- Ethereum network usage and gas fees may pose a risk to DeFi expansion
- Not all smart contracts can thrive on the network considering the current fee level
- The situation might prevent the migration of apps to competing networks
Ethereum news today – The total number of network transactions on Ethereum has tripled in 2020. The figure is now identical to what was seen in the all-time high from January 2018. Even though the situation may appear bullish, remember that both EOS and Tron started as ERC-20 tokens. After this, they launched their mainnets and began to run as fully independent Blockchain networks. Similar chain migration is currently ongoing on Tether’s USDT (a stablecoin that recently posted a $12 billion market cap). As Ethereum’s transaction fees rose throughout last year, a similar movement has happened in Tether in the past year as well. At the time some Tether holders opted for Tron. This was happening as median Ether transaction fees rose threefold to $0.14 back in July last year. Even though this seems insignificant when compared to the current rate of $3.
Can Ether-based Networks Survive the Rise in Transaction Fees?
To better calculate the odds of the extra outflow from Ethereum, we must analyze the type of transactions happening. For example, stablecoins have lesser incentives to withhold during network constraints. Switching networks on DeFi apps like Maker and Compound appear less obvious. Other smart contract platforms have disadvantages and a smaller ecosystem. According to Data given by Etherscan, there has been a growing use of DeFi (Decentralized Finance) apps on the network. The question is how sustainable are the numbers mentioned considering the current transaction rates? According to data from DefiPulse, the total value of DeFi grew impressively by five-fold in the last 90 days. Despite been astounding, the question is how many of these transactions are related to the high rate?

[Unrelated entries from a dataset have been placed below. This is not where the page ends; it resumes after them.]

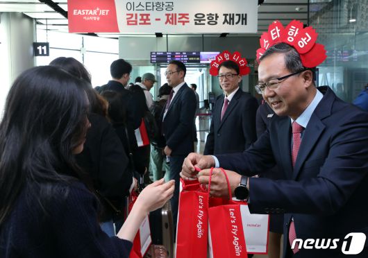 (서울=뉴스1) 박정호 기자 = 조중석 이스타항공 대표(오른쪽)과 유상종 경영총괄 전무, 이경민 커머셜본부장 및 승무원들이 26일 오전 김포국제공항 국내선 탑승 게이트에서 승객들에게 기념 굿즈를 전달하고 있다. 이스타 항공은 오늘부터 김포-제주 노선을 시작으로 3년 만에 운항을 재개했다. 2023.3.26/뉴스1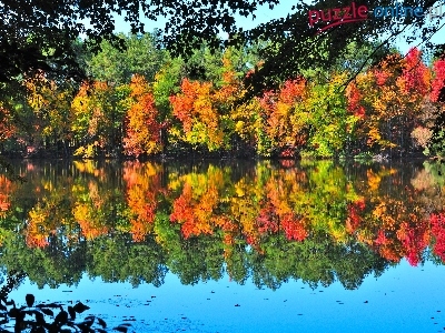Puzzle Jesienny, Jezioro, Drzewa, Las
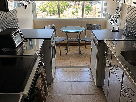 In the heart of Condado, quiet street, walkable area near Walgreens, top restaurants, and hotels (Marriott). Beautiful apt. in 10th floor, excellent cross ventilation with ample balcony. 2 bedrooms, 2 bathrooms. Family is convertible to third bedroom or den. Completely equipped and furnished. 1 covered parking space. Full capacity generator. Just five minutes walking distance to the beach. Close to a variety of restaurants, bars, supermarket, pharmacy. Full power generator and water cistern. Additional parking 2 mins away for $200/month.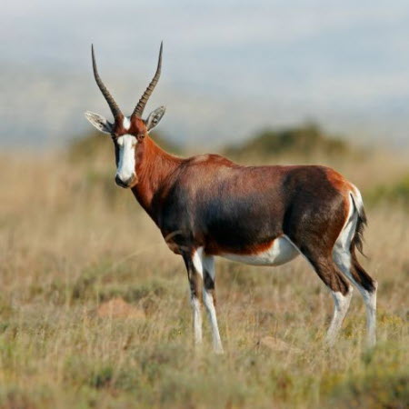 Der Buntbock ist eine mittelgroße Antilope. Der Widerrist ragt wie üblich bei Antilopen des Offenlandes weit über die Kruppe hinaus. Das Fell hat eine kräftig dunkelbraune Farbgebung mit einem Purpurglanz an den Seiten, den Wangen und den oberen Gliedmaßenabschnitten. Dazu kontrastiert die weiße Bauchseite, der Spiegel, die unteren Glieder und das Hinterteil, beim Blessbock zieht die weiße Bauchfärbung meist nicht bis über den Schwanz hoch.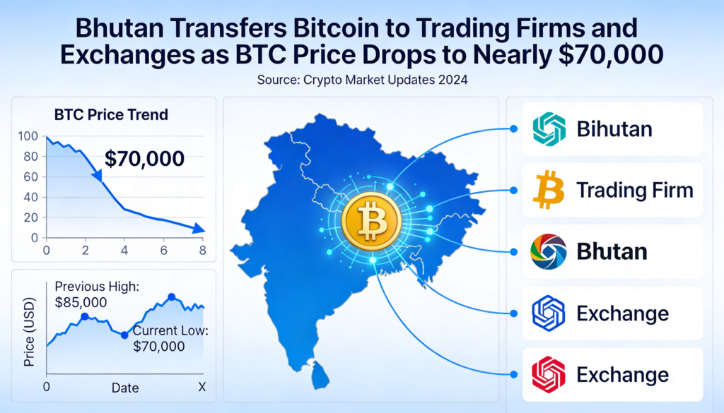 Wallet data indicates the Royal Government of Bhutan has begun moving bitcoin to trading firms and exchanges for the first time in months, as crypto markets sell off and volatility ripples across digital assets and metals.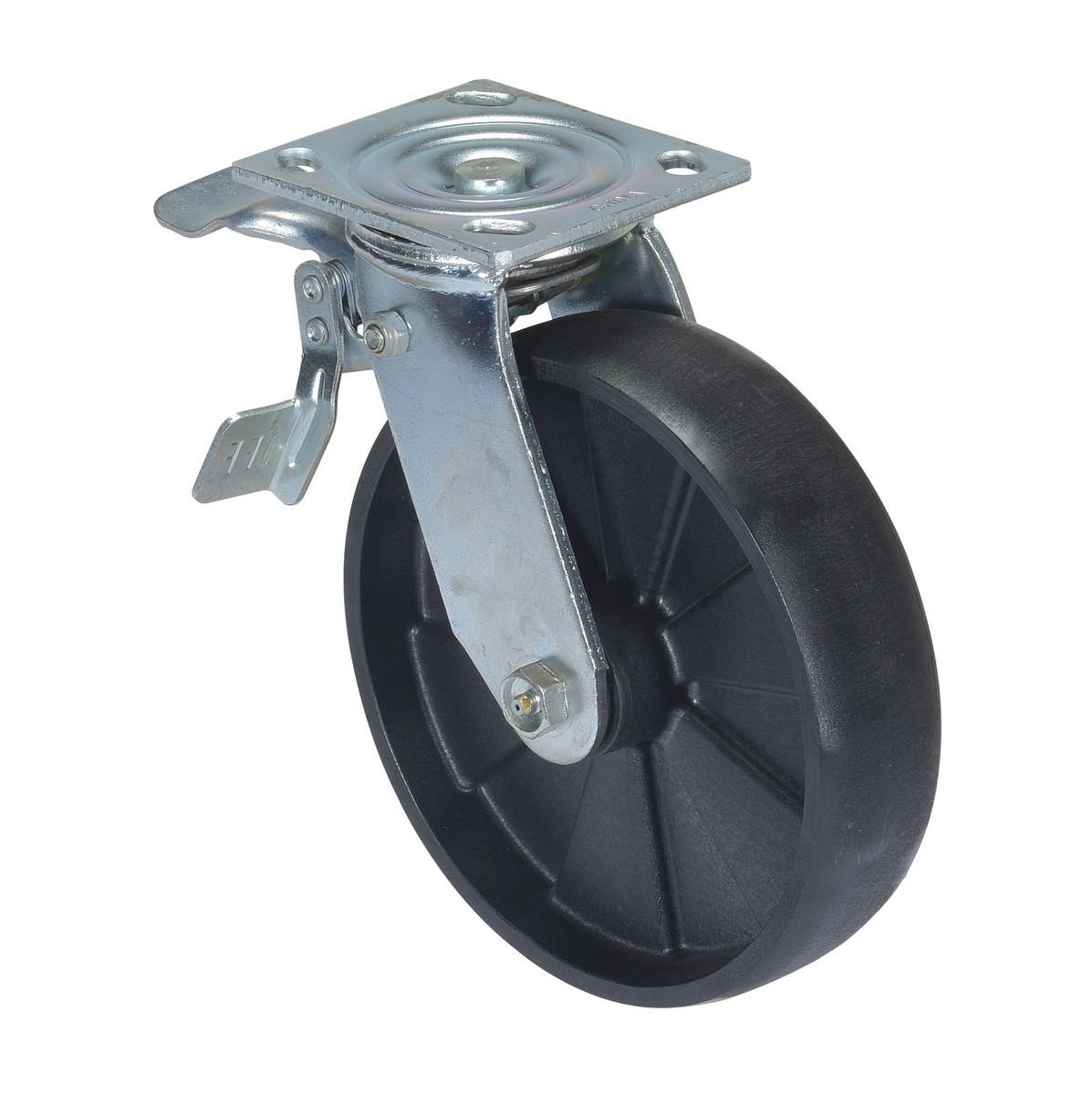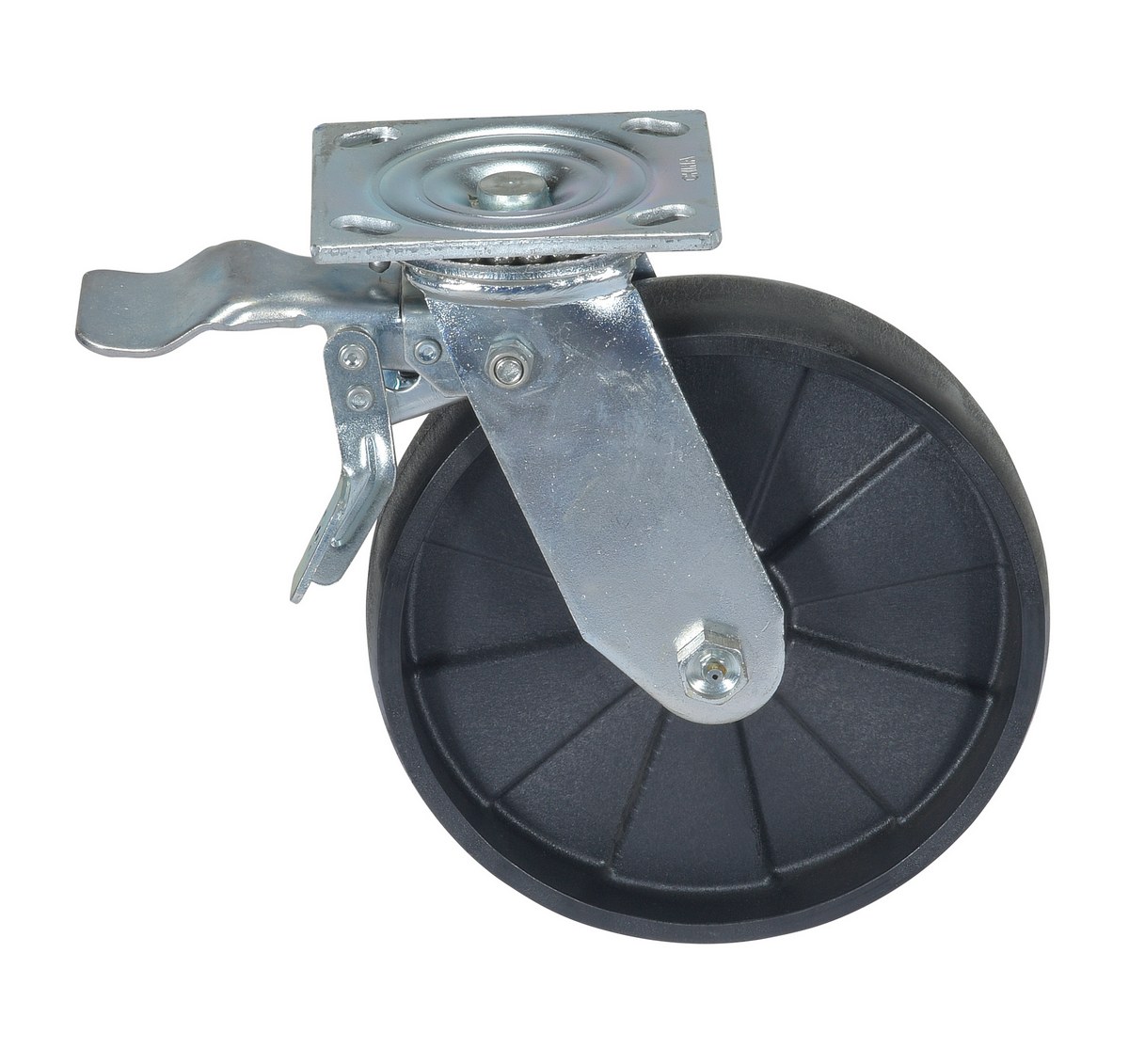 Glass Filled Nylon Total Locking Swivel Casters 8 In. x 2 In. For Steel Gantry Cranes 2,000 Lb. CapacityAluminum Gantry crane total locking caster set provides a number of benefits to an already worthwhile gantry crane. The durable construction generates a smooth roll with limited jostling. Simple to install with pre drilled mounting holes.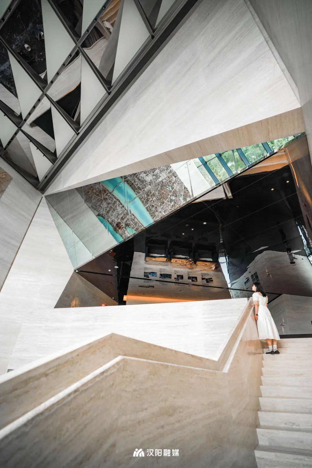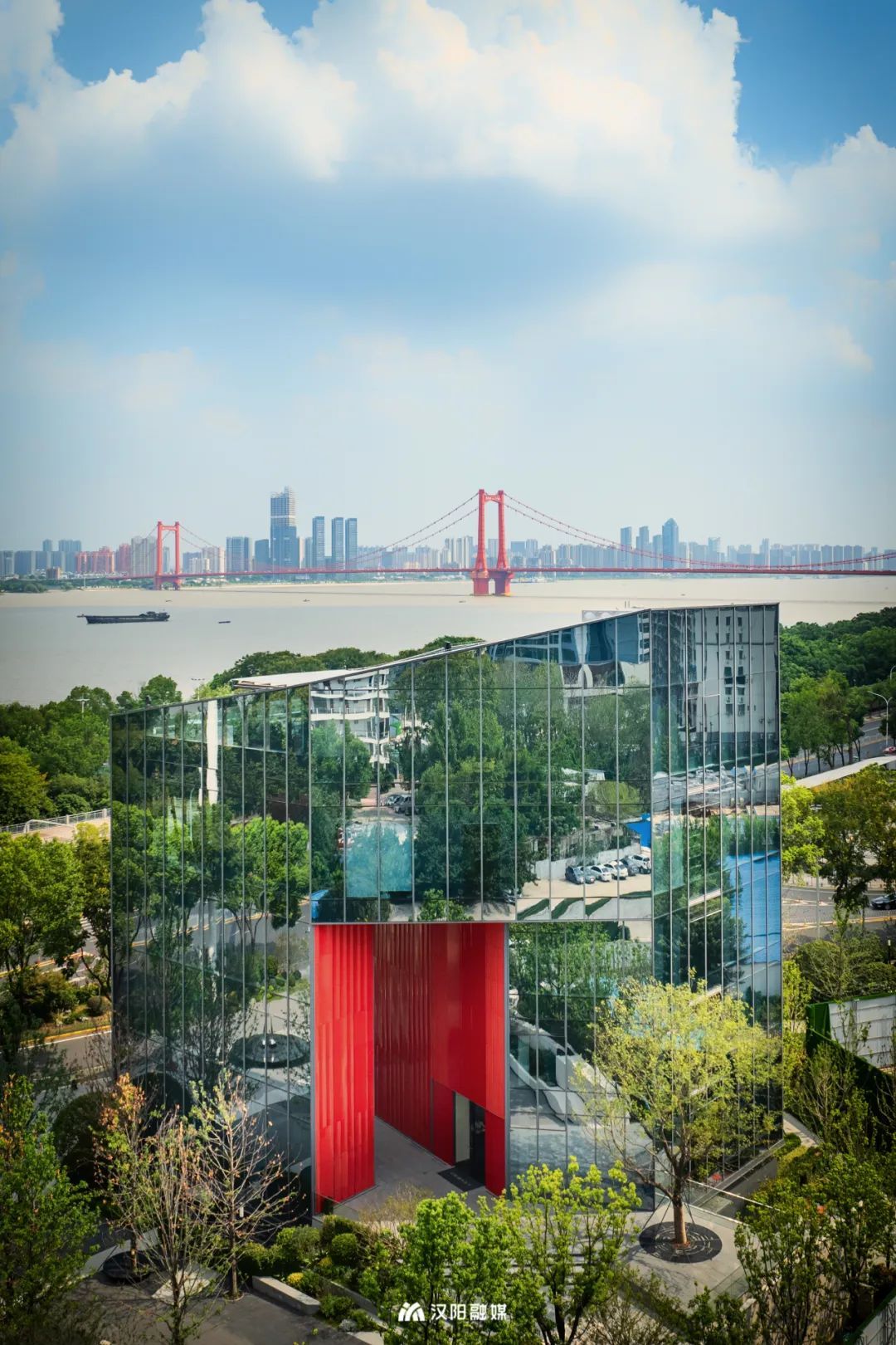 巨大紅框建筑面朝長江,矗立在漢陽古城文化軸的端點,眼前是“唯見長江天際流”的盛景,背后是超1400年歷史的顯正街延伸而去。

Not All Smart Contracts Can Thrive With the Current Fee Rise
The above analysis is a positive indicator that despite the recent increase in transaction fees on the Ethereum network, some oracle and DeFi apps will have the capacity to withstand it momentarily. The network’s rising transaction rates have been facilitating second layer solution developments on several DeFi apps. Even though the overall impact that it has on Ethereum may appear positive, it might still prevent the migration of apps to competing networks. This certainly doesn’t paint a good picture for everyone (including investors and the public). No wonder the Ethereum 2.0 solution (that has been in the development phase) is now under immense pressure more than ever to deliver. The solution must now provide a network that can better address the growing demand in stablecoins, decentralized exchanges, oracles, and DeFi.